Он шел по лесу и любовался игрою солнечных зайчиков в зеленой листве.

…Партячейка заседала всю ночь. Чем дальше, тем горячей становились споры. В общем, все четверо товарищей согласились: деревню Харо надо выручать, пусть уходит от француза. Поначалу, правда, Гип упирался, но где-то к полуночи согласился: да, мол, это правильно. Но по другому вопросу они сойтись не могли: что, если деревне Конгхоа и самой риса не хватит? В Харо-то вон сколько народу… Четыреста душ. Да тут никакого урожая не напасешься! В Баланге и в Конгма с землею получше, у них пода под боком. Только поди знай, захотят ли они поделиться рисом с Харо?.. Нет, видно, придется Конгхоа нести главное бремя. А там и другие деревни помогут… Как же им все теперь прикинуть, рассчитать?..

— Если сумеем сплотиться воедино, сила паше будет расти день ото дня, а сила француза — слабеть. — Эти слова Нупа, казалось, витали еще под крышею дома. — Не сумеем — станем слабеть с каждым днем, тут-то француз и наберет силу. Ну, а на войне чья сила больше, тот и возьмет верх…
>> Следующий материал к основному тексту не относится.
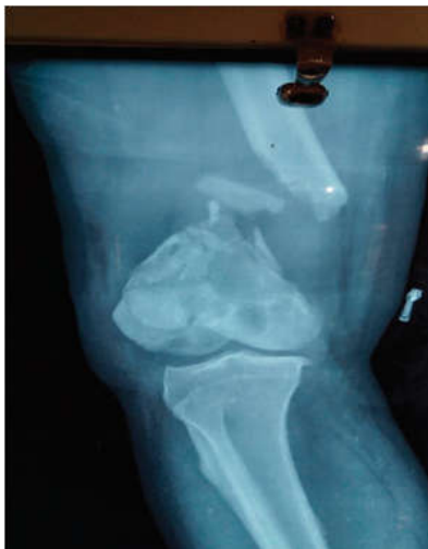
Fig. 1a: Compound left distal femur fracture.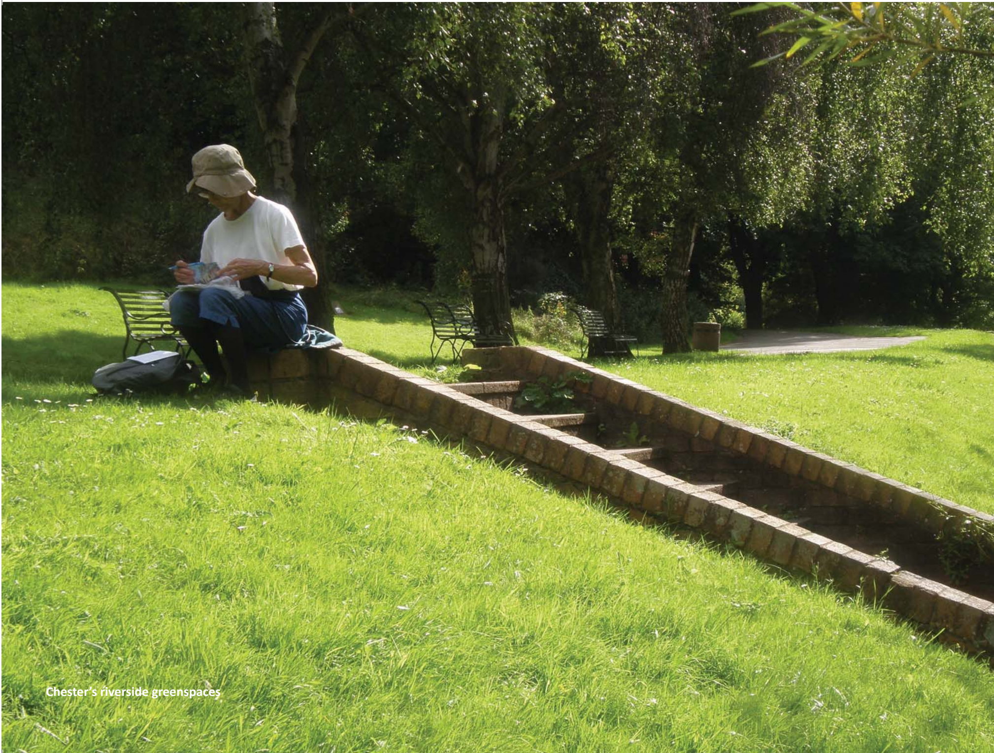
Chester's riverside greenspaces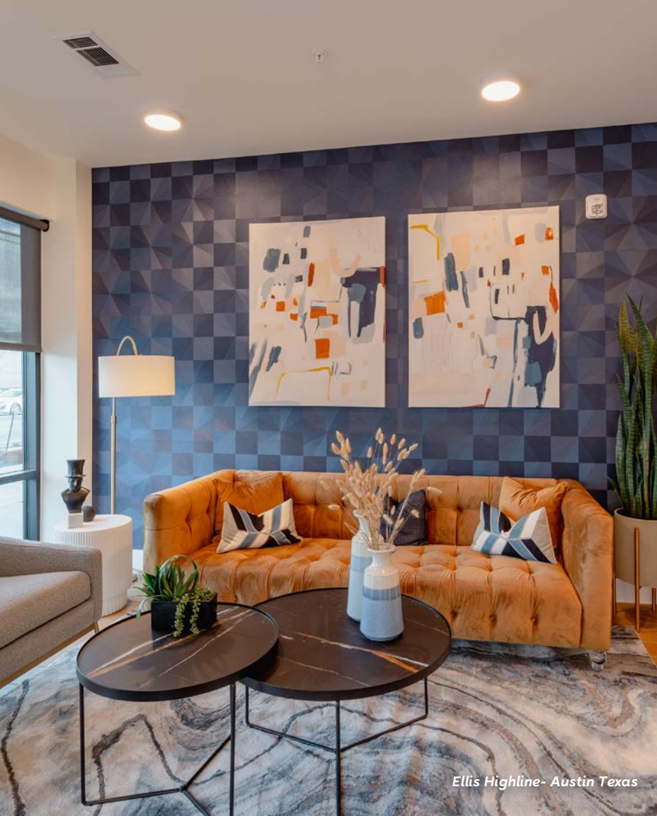
Ellis Highline- Austin Texas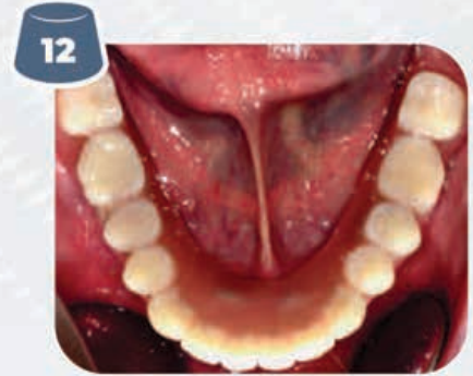
12 Correct distribution of abutments enables dorsal prosthesis removal with optimal mucosal support.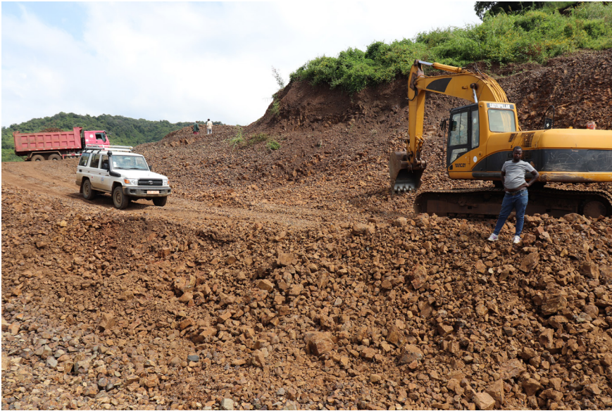
Figure 7. Stone Quarry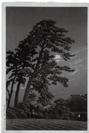
“Moon at Magome” Twenty Scenes of Tokyo 1930

This special exhibit, which will be divided into two sections, will present works from Hasui’s entire career – from his start as an artist until his later years – as well as his sketchbooks, diaries, favorite items, and photographs. The first section will mainly feature scenes of Tokyo, Hasui’s birthplace and a place of special emotional attachment for him. The second section will present scenes of the places that Hasui visited as an enthusiastic traveler.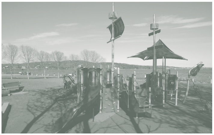
Dewolf Park playground

The playground in DeWolf Park received a complete rebuild last year and the response from parents, grandparents and kids has been great. The equipment is now up to code, and has improved visibility and accessibility, while maintaining its nautical theme. The upper playground in Ridgevale was also replaced, and there were repairs made to playgrounds in Oakmount, Peerless, The Ravines, Paper Mill, and off the Hammonds Plains Road. Additional equipment will be added again to the Oceanview/Nine Mile Drive playground, and planning and budgeting are underway to replace of the aging equipment in The Ravines and Bedford Hills playgrounds, within a couple of years. I also plan to work with residents in the Hemlock Ravines/Larry Uteck area to improve playground and green space in the area off Transom. A community garden is also possible, if desired by the residents in the area. Parents at Eaglewood School have begun fundraising for playground equipment, so I have earmarked some funds out of the District Capital Fund for this project.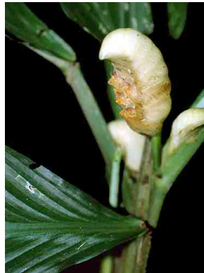
68 Hylaeante unilateralis MARANTACEAE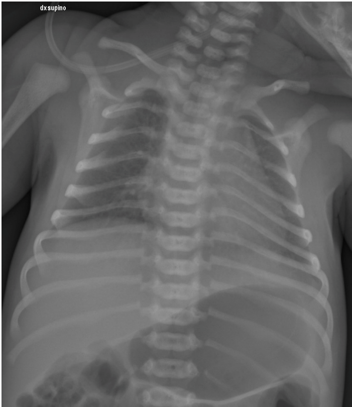
Figure 1. Chest x-ray of the newborn obtained on DOL#3 showing mild bilateral ground-glass opacities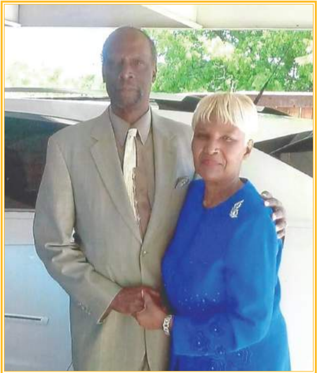
† FIFTY YEARS LATER †

The previous years we have shared will be remembered as a blessing with anticipating more still to come.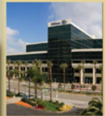
Anaheim Hilton Hotel Directly adjacent to the Anaheim Convention Center

These tracks are held in conjunction with the 41st Annual SCRC Catholic Renewal Convention, "God of Power and Might!"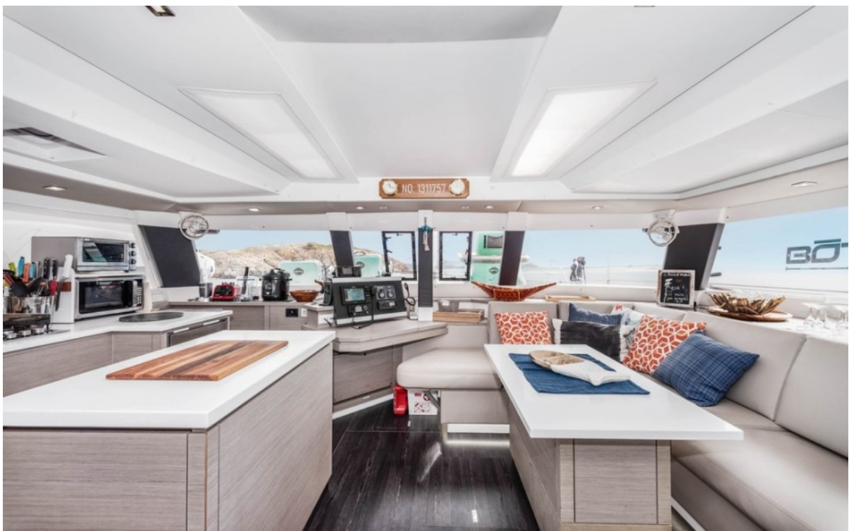
Used Sail Catamaran for sale 2021 FOUNTAINE PAJOT Saba 50 - SOURCE OF WANDER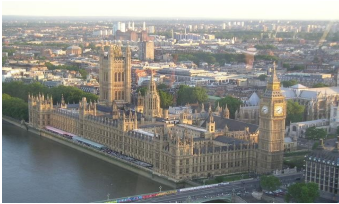
Illustration 1: Central London

The following Wild Card demonstrates my ability to express my personal thoughts in the form of writing. I have chosen to write an informal piece on my desire to travel because I am passionate about pursuing my goal of viewing the world. In my free write, I have utilized certain aspects of formal writing such as the correct use of grammar, variation of sentence structure and logical presentation of my ideas. My utilization of these aspects of writing illustrate that writing techniques are imperative for effective presentation of one's thoughts regardless of writing style. I have also included a few illustrations to capture the attention of my reader.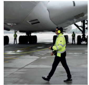
Airport ground handling

Поздняя ночь. Туп — он держал в руке хворостинку — переломил ее надвое, потом на четыре части и бросил их в огонь.

— Остается одно, — сказал он, — нам у себя, в Конгхоа, расчистить и засеять вдвое больше полей. Каждая семья раньше возделывала одно поле, теперь пусть заводит два.

Судили, рядили — и впрямь, другого способа пет. На рассвете все четверо товарищей дали свое согласие. Гип погасил огонь и сказал:

— Каждый лом в деревне пусть возделывает два поля. А нам, товарищи, надо возделать по три.

Старый На глянул на сына, оба они теперь были товарищами. На партийных собраниях Тун по-прежнему называл старика отцом. Но сам старый На обращался к сыну «товарищ Тун».